Furthermore some of Pritichar's other "race" work uses huge categories, such as Europeans and Asians west of the Himalayas. With such massive groupsyou can make just about any "race" you want to. But curiously, the line is drawn much more narrowly when it comes to Africa. There, only certain "true" sub-Saharan groups are lumped together. Subsaharan sounds neutral but too often certain groups geographically sub-saharan somehow "disappear" into other categories.
Zarahan, you are correct. Unfortunately people like Cylde and Assopen are too stupid to realize that genetic studies or the whole field of genetics is NOT the issue but how some people interpret these genetic studies! It's a well known fact that no matter how valid a science certain individuals will still carry their biases even in the form of racial baggage along into that science.
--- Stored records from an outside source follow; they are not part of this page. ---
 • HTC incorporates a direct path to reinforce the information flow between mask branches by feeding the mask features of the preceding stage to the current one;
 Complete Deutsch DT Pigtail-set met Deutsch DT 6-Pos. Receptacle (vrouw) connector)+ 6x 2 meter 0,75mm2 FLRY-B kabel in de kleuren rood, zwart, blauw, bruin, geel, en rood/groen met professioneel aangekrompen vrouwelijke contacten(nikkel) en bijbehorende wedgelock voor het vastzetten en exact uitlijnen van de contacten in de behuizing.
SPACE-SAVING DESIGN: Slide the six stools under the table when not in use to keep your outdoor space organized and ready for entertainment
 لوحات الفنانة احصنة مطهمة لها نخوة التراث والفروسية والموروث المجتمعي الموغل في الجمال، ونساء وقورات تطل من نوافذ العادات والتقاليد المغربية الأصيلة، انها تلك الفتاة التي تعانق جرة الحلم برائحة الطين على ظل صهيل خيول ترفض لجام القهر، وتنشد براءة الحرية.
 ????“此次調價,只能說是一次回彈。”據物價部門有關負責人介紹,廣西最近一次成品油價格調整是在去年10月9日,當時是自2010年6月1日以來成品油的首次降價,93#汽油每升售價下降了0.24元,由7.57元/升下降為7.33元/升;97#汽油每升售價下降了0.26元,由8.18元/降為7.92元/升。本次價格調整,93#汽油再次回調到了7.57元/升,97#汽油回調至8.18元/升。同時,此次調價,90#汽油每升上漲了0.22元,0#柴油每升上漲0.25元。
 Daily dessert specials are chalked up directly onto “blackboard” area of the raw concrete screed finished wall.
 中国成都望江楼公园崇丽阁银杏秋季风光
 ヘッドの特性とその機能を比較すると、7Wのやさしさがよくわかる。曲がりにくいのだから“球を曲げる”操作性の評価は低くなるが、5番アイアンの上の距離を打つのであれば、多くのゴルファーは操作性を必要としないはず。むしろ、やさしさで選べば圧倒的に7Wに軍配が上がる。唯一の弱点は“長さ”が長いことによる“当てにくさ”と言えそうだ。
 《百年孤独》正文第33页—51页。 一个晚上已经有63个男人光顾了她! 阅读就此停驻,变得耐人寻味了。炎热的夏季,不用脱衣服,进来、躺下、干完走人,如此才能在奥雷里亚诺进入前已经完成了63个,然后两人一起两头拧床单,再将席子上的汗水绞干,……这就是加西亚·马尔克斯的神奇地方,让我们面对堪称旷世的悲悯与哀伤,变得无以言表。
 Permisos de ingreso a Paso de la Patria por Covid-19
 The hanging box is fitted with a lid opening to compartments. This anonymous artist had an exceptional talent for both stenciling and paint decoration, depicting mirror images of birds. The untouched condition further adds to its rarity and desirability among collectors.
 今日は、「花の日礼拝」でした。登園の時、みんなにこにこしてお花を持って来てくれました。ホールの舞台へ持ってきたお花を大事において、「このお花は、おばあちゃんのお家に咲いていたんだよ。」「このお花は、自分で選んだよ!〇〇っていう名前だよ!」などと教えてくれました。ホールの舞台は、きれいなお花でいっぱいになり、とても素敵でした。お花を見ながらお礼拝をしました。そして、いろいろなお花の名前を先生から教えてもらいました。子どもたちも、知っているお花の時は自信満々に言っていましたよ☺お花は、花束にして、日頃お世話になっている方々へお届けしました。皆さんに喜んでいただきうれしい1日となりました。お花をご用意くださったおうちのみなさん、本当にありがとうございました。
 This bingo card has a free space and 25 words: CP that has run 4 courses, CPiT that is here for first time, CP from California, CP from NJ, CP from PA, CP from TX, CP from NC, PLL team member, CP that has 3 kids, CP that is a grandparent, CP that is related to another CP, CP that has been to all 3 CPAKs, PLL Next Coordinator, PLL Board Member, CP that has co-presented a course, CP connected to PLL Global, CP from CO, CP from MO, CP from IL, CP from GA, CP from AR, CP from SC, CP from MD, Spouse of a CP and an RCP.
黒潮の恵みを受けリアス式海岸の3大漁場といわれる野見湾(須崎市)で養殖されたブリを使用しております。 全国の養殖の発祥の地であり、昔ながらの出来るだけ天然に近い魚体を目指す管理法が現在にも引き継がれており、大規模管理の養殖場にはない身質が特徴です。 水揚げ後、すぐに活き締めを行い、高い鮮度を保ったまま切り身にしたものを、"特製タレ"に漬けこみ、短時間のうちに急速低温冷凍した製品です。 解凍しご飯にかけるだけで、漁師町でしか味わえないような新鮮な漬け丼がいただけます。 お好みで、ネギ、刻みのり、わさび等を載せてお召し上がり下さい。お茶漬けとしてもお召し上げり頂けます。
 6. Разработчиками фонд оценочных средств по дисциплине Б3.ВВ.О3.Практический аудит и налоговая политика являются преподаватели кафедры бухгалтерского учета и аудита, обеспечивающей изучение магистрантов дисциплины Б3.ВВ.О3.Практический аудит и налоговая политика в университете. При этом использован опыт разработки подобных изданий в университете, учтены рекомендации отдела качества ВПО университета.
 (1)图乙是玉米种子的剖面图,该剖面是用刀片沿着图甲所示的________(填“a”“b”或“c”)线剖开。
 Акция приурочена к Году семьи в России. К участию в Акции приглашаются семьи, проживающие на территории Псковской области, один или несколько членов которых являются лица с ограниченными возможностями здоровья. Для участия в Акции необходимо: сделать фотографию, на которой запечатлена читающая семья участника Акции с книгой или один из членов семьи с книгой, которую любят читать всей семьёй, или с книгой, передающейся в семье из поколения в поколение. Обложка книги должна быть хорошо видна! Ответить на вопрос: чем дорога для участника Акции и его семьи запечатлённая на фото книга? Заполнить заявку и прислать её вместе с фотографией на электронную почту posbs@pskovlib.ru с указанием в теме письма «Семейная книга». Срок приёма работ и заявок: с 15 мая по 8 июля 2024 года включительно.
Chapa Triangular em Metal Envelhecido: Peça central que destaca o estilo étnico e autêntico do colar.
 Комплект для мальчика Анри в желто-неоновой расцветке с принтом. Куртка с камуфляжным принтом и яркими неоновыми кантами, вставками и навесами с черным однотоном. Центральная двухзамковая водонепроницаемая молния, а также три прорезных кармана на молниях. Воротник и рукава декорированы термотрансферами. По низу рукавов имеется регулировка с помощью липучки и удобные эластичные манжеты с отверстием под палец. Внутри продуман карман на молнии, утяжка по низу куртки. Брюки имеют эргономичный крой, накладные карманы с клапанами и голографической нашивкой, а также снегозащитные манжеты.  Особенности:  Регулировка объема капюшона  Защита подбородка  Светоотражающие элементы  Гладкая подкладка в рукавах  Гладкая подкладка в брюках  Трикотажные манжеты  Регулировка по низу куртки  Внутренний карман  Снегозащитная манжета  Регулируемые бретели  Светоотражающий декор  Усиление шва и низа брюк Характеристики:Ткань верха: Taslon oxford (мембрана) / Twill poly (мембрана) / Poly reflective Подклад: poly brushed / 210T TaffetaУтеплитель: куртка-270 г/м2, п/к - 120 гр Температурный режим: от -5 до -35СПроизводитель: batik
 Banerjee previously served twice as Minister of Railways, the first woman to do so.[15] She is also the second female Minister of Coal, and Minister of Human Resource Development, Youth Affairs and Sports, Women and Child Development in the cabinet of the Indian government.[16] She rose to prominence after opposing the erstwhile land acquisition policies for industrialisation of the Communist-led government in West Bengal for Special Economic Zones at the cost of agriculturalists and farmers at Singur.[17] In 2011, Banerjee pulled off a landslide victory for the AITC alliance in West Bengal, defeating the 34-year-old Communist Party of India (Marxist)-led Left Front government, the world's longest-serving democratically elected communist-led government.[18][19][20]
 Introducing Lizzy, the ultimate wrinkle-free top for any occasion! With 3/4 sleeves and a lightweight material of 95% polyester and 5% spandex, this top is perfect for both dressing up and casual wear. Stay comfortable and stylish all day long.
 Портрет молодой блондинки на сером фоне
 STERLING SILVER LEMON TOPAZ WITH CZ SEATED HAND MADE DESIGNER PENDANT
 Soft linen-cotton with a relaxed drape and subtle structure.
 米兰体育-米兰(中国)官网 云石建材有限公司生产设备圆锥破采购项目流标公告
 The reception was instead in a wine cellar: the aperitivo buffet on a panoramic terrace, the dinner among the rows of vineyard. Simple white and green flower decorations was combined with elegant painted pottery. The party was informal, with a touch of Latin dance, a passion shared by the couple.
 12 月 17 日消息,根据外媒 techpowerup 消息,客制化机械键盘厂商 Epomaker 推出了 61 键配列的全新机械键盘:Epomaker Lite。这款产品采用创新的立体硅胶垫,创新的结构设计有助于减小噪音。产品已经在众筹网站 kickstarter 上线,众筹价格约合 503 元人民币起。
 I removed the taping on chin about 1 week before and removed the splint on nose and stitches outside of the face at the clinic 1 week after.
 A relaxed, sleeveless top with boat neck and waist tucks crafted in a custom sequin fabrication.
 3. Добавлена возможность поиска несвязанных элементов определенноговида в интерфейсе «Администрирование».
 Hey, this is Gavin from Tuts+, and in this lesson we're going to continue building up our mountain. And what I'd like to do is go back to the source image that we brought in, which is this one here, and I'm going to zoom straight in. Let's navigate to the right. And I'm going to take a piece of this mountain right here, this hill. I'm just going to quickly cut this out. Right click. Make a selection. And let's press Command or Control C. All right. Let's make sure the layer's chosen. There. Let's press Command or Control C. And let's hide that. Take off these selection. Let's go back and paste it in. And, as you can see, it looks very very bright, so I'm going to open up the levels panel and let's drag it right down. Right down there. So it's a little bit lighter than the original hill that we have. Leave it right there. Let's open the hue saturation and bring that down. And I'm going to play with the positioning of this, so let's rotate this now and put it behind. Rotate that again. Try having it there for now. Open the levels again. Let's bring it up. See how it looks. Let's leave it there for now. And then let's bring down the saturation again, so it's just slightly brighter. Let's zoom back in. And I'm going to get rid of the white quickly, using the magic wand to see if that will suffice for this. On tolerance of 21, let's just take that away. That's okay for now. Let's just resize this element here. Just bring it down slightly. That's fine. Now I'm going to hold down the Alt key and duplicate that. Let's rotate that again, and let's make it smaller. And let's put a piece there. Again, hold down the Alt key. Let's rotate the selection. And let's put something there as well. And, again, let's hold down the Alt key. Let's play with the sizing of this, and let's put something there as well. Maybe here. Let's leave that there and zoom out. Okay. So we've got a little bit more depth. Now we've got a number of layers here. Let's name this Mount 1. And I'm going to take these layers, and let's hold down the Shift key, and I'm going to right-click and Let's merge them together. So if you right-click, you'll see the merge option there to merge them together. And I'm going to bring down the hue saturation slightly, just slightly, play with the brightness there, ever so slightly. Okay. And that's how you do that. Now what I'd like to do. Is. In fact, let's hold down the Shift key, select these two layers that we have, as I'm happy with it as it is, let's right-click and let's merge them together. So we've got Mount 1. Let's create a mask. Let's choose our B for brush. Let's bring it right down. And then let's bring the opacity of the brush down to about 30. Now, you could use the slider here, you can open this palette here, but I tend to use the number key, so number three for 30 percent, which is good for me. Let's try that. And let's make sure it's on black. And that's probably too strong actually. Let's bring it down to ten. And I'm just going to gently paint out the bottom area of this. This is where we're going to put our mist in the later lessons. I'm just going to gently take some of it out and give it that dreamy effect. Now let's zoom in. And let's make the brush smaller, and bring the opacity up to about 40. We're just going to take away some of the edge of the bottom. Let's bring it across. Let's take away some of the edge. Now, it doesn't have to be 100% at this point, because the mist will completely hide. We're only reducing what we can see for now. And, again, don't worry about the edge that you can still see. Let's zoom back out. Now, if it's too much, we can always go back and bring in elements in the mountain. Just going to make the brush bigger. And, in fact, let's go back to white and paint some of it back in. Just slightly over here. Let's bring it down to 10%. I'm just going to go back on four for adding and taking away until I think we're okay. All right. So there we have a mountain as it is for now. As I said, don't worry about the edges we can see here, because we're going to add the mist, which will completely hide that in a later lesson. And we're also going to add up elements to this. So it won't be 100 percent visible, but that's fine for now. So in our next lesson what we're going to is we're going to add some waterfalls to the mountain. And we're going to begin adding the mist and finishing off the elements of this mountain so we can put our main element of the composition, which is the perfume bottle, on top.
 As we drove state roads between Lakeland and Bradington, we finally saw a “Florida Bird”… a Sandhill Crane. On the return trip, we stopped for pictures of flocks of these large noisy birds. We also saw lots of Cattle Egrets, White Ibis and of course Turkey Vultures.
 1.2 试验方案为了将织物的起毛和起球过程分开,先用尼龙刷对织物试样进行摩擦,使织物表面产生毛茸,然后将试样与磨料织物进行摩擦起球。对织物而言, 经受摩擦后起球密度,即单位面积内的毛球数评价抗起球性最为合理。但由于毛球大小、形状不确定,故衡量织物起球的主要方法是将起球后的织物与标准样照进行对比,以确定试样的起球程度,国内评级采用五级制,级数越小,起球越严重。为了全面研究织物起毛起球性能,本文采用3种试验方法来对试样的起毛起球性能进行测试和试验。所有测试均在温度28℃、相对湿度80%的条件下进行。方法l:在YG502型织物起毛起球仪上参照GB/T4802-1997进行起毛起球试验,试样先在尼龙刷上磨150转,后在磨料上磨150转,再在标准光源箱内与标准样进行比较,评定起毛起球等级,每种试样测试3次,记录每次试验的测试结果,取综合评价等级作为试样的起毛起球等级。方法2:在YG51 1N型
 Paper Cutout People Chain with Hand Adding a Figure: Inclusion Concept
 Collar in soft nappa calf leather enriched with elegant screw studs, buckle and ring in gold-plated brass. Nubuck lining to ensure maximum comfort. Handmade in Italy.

In the yesteryears it was physical anthropology in the form of crania where people tried to turn certain African skulls not only in North African but even Sub-Sahara into 'caucasoid'. Today there people who try to do the same thing only using genetic haplotypes. Those who are well versed in the field like Rasol or those well versed in logical and scientific thinking in general like you and myself can't be fooled it's just ignorant ones (whom I mentioned earlier) that can be fooled.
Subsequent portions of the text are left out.